I would hardly call myself a lover of love, I know very little about it, I've seen years go by, couples get to know each other, get married and then divorce, and I can not help but wonder, what's the point of love?

 And I guess maybe everyone does it, everyone at some point may wonder the same as me.

And I don't know if you have already noticed, but the world seems to revolve around love, the Sun suddenly ceases to be a star to which we go round and round, making love the center of our orbit, of our minds and lives.

But why does this happen? Is it so necessary, like the singing to a bird? Or like the mother to a son?

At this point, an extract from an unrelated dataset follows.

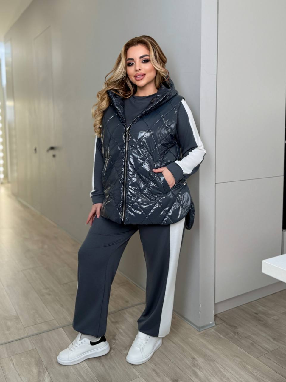 Трійка – комплект, що включає жилет, брюки та кофту, створений для комфорту та стилю в будь-яких умовах. Матеріал виконаний із плащівки «Монклер», стьобаної на синтепоні щільністю 100, а костюм — із двохнитки високої якості, що забезпечує довговічність та приємні тактильні відчуття. Жилет із підкладкою і наповнювачем із синтепону додає тепла навіть у прохолодну погоду. Комплект оснащений зручними і стильними кишенями та якісною фурнітурою, що робить його практичним і функціональним. Ідеальний варіант для повсякденного носіння, прогулянок та активного відпочинку.

Necessary to express ourselves, necessary to feel.

Love is like that, of a nature difficult to explain but necessary, a kind of very fragile magic that we all want to have.

One day I heard an old man talk about love, I thought he was crazy, but now it makes sense, the gentleman talked about love existing in everything we did, at that time I believed that love could only exist between couples, but what that man said came into my mind for many and many years, until now that I have finally been able to understand it.

Love is in the roses, in the coffee, in the birds, in the everyday life that surrounds us, how ironic that we fight to have it and look for it so much, when without noticing it has always been there, in those strangers who smile at you on the bus, in the breakfast, in everything, in every science, as a spark that gives us the fuel to continue.

We are complex beings, formed by emotions, feelings, entire universes that inhabit us, so different but so equal, even sometimes with the same needs, we suffer, we grow, we heal, we advance, and among all this, only something remains constant, like a faithful friend, where you least believe, there is love.